The difference between the pages of the Jstor article is that the first page is a PDF generated directly in software with vector-based fonts, and the second is a PDF of a raster image scanned from paper. Make sense?
8 Oct 2012 — 4:49pm
Awesome, I suspected scanning was the culprit, but I wasn't sure.
Sorry if this is mentioned in an FAQ somewhere (I looked, but couldn't find anything), but on there any tutorials on how to make a font from an image, i.e. if I wanted to use a low resolution scan of "The quick brown fox jumps over the lazy dog" to create a font so that I don't have to print and copy repeatedly for every piece of text I want to write.
8 Oct 2012 — 4:56pm
You can do all kinds of effects on rendered text (with Photoshop) but if you want a certain style of font to come out a certain distressed way directly you'll need a font designed like that. Just asking: is it possible you might have a budget to have such a custom font made? If so there are a number of regulars here who can do it for you, including yours truly: hpapazian at gmail dot com
hhp
8 Oct 2012 — 5:26pm
I'm currently a university student living off a meager stipend, so I don't really have any budget for this >_>. Also, it's for a non-commercial class project, so I wouldn't really feel comfortable paying someone else to do part of it.
8 Oct 2012 — 5:33pm
There are free font editors where you can import scan-and-traced letters and form a font. Just know: it's not easy getting acceptable results.
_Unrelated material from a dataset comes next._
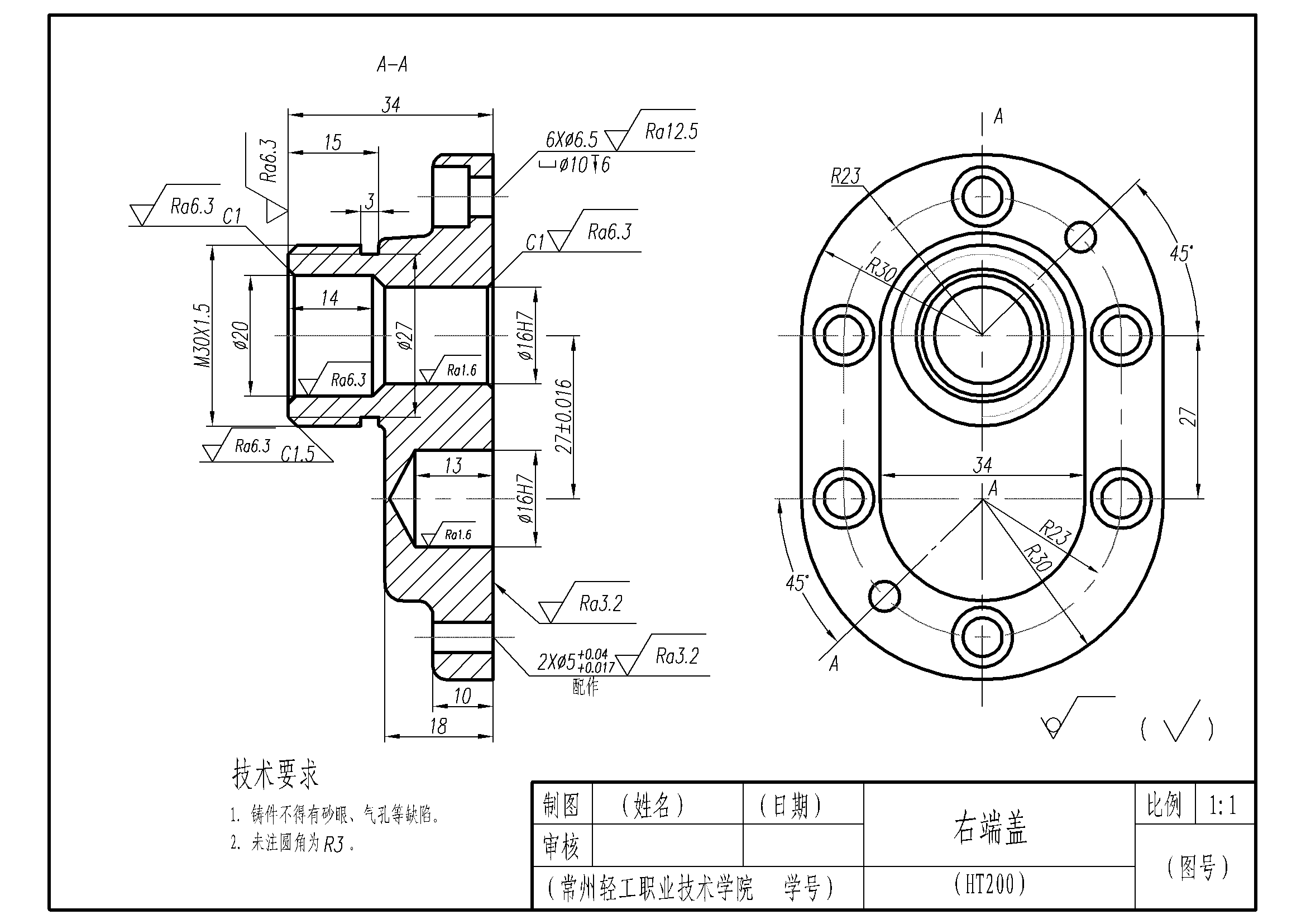 铣刀头座体的工程图生成

Hopefully you can find a font that comes close enough to what you need.
hhp
9 Oct 2012 — 2:04am
Hrant! Way to weed out the freeloaders! You rule, dude!
A simpler method.
1. Rasterize the type as grayscale at 300dpi.
2. Apply a Gaussian Blur of 3 to 8 pixels (depending on the font).
3. Adjust LEVELS to pure black and white.
4. Convert to BITMAP.
5. Duplicate layer, and use DISSOLVE to add noise.
6. Flatten and print.
Have fun: this method is totally free. Consider donating…
http:///www.nicksfonts.com/
You cheap bastard.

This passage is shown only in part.